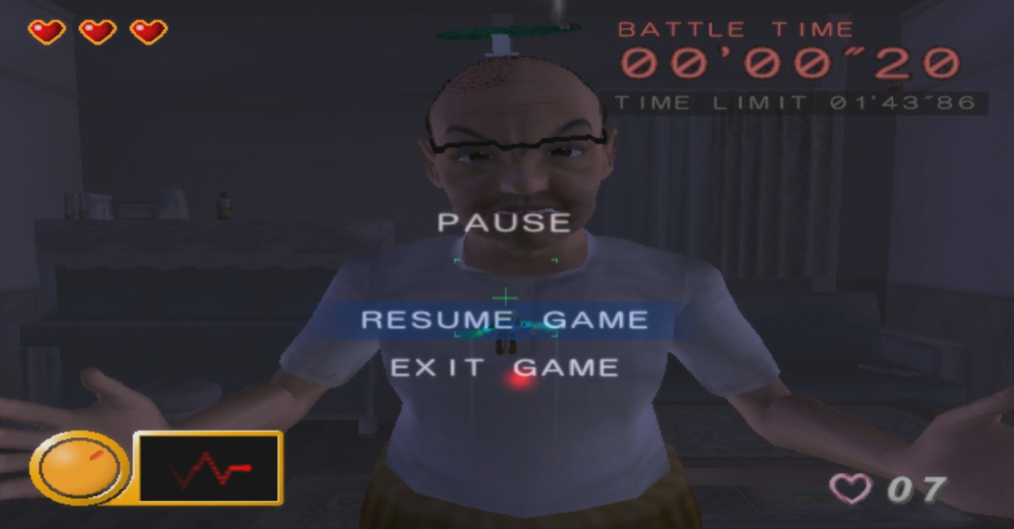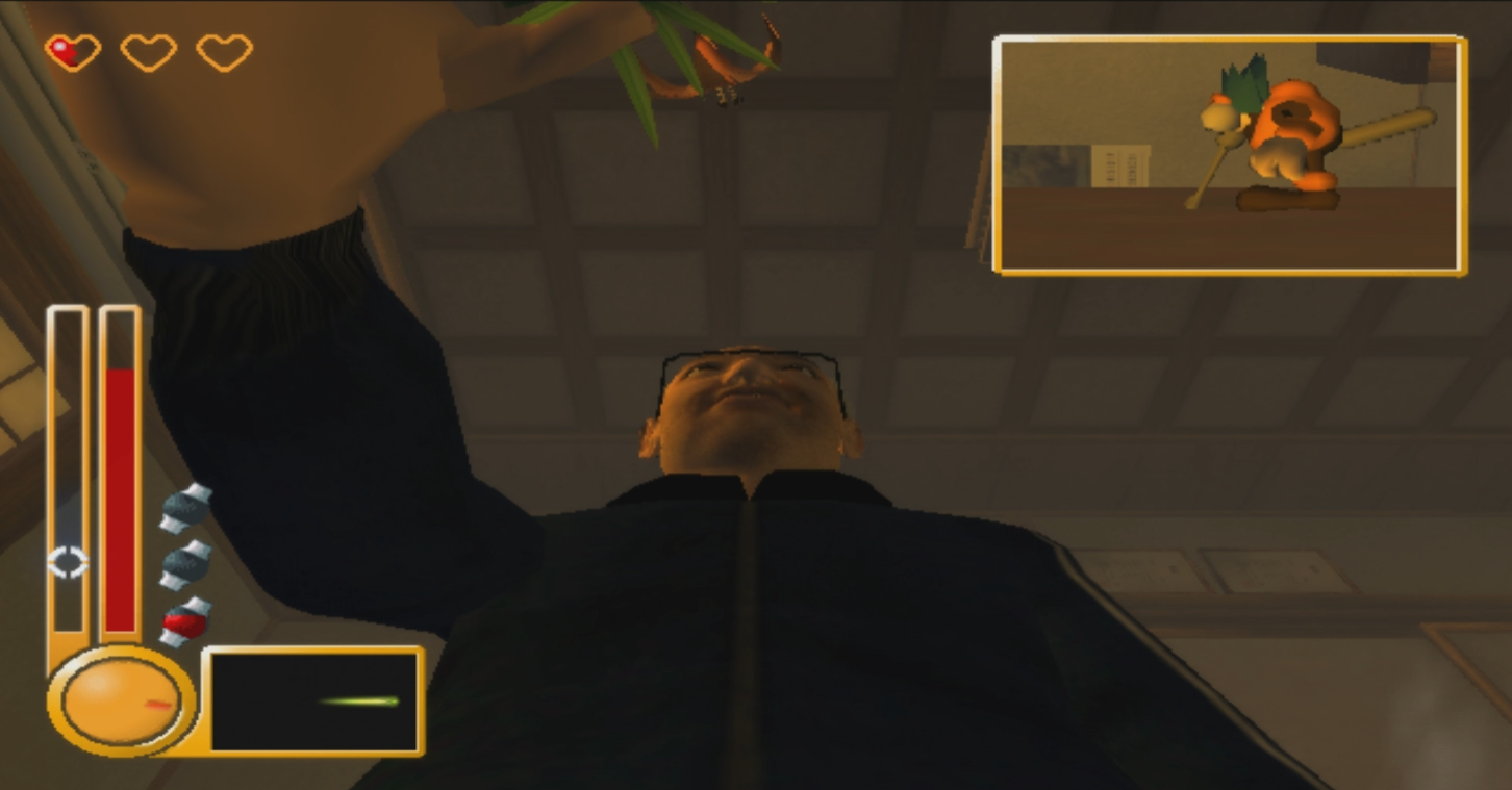 It has to be said though, that Mister Mosquito is very much a product of the time it released in, which is reflected the most in the various, somewhat unorthodox feeling control schemes that a lot of games featuring flying had at the time. Where nowadays you’d be able to control the characters movement with the left analog stick and the camera with the right, this game opts for a more traditional control scheme of using R1 to go forward, up and down on the right analog to go up and down respectively (in correspondence to the whims of the camera that is) and R2 to do a mid air drift straight out of the Initial D anime. Despite this, the whole game is designed in a way that allows you to slowly learn more of the mechanics as you progress through the game. It gives you ever more challenging stages with new mechanics, such as a bug zapper, bug spray or one of the incense circles stuck to Kenichi’s wonderfully comedic combover. Each stage also nicely varies the amount of objects that you can interact with to distract the members of the family, or to reveal weak spots. And the more you stock up for the winter, the more rotund your existence as a mosquito becomes. It makes you less maneuverable during your daring escapes. On top of all this you have to manage the stress of your targets to maintain optimal suckage.
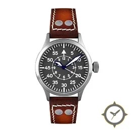 A Pilot watch with a versatile 39mm case, that suits most wrists, crafted from stainless steel featuring a black dial with a unique matte finish.
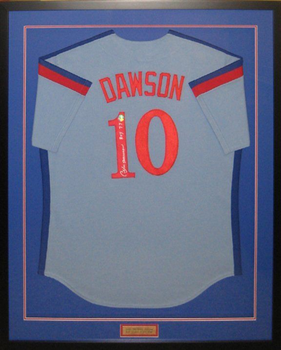 This autographed Andre Dawson baseball jersey (Montreal Expos) was framed in a shadow box. The mat colours were chosen to coordinate with the colour of the jersey. The jersey was mounted using a combination of a 4 ply artcare matboard form insert (to help hold its shape), sewing and nylon tags. Matboard inserts were also placed inside the sleeves in order to help even out the stripes at the top of the sleeves and keep the sleeves flat. Tru Vue Conservation Clear glass (UV protection) was chosen to slow down any fading of the jersey and signature. An engraved brass nameplate with information about Andre Dawson was displayed below the jersey in its own mat opening.
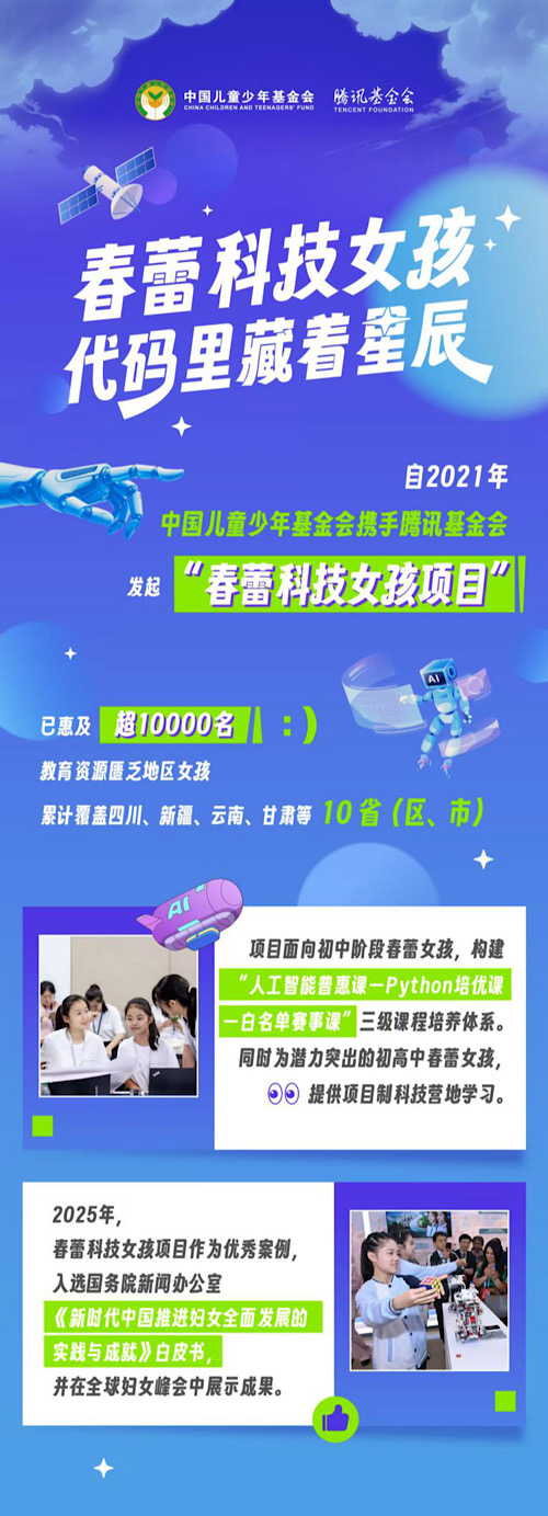 “春蕾科技女孩”項(xiàng)目由中國兒童少年基金會與騰訊公益慈善基金會于2021年共同發(fā)起實(shí)施,面向初高中階段的春蕾女孩,圍繞AIGC等前沿科技、文化自信等內(nèi)容開展科技營地項(xiàng)目制學(xué)習(xí),打造初中科技普惠課程+高中研學(xué)實(shí)踐體系化培養(yǎng)模式,持續(xù)提升女孩科技素養(yǎng)與數(shù)字技能,助力她們在科技領(lǐng)域長遠(yuǎn)發(fā)展,截至目前,項(xiàng)目已在四川、新疆、云南、貴州等10省(區(qū)市)落地,幫助超萬名春蕾女童打破性別與地域雙重限制,在科技領(lǐng)域綻放獨(dú)特光彩。

**Task:**
The listing above must be given again exactly, minus its pictures.

**Exercise response:**
 It has to be said though, that Mister Mosquito is very much a product of the time it released in, which is reflected the most in the various, somewhat unorthodox feeling control schemes that a lot of games featuring flying had at the time. Where nowadays you’d be able to control the characters movement with the left analog stick and the camera with the right, this game opts for a more traditional control scheme of using R1 to go forward, up and down on the right analog to go up and down respectively (in correspondence to the whims of the camera that is) and R2 to do a mid air drift straight out of the Initial D anime. Despite this, the whole game is designed in a way that allows you to slowly learn more of the mechanics as you progress through the game. It gives you ever more challenging stages with new mechanics, such as a bug zapper, bug spray or one of the incense circles stuck to Kenichi’s wonderfully comedic combover. Each stage also nicely varies the amount of objects that you can interact with to distract the members of the family, or to reveal weak spots. And the more you stock up for the winter, the more rotund your existence as a mosquito becomes. It makes you less maneuverable during your daring escapes. On top of all this you have to manage the stress of your targets to maintain optimal suckage.
 A Pilot watch with a versatile 39mm case, that suits most wrists, crafted from stainless steel featuring a black dial with a unique matte finish.
 This autographed Andre Dawson baseball jersey (Montreal Expos) was framed in a shadow box. The mat colours were chosen to coordinate with the colour of the jersey. The jersey was mounted using a combination of a 4 ply artcare matboard form insert (to help hold its shape), sewing and nylon tags. Matboard inserts were also placed inside the sleeves in order to help even out the stripes at the top of the sleeves and keep the sleeves flat. Tru Vue Conservation Clear glass (UV protection) was chosen to slow down any fading of the jersey and signature. An engraved brass nameplate with information about Andre Dawson was displayed below the jersey in its own mat opening.
 “春蕾科技女孩”項(xiàng)目由中國兒童少年基金會與騰訊公益慈善基金會于2021年共同發(fā)起實(shí)施,面向初高中階段的春蕾女孩,圍繞AIGC等前沿科技、文化自信等內(nèi)容開展科技營地項(xiàng)目制學(xué)習(xí),打造初中科技普惠課程+高中研學(xué)實(shí)踐體系化培養(yǎng)模式,持續(xù)提升女孩科技素養(yǎng)與數(shù)字技能,助力她們在科技領(lǐng)域長遠(yuǎn)發(fā)展,截至目前,項(xiàng)目已在四川、新疆、云南、貴州等10省(區(qū)市)落地,幫助超萬名春蕾女童打破性別與地域雙重限制,在科技領(lǐng)域綻放獨(dú)特光彩。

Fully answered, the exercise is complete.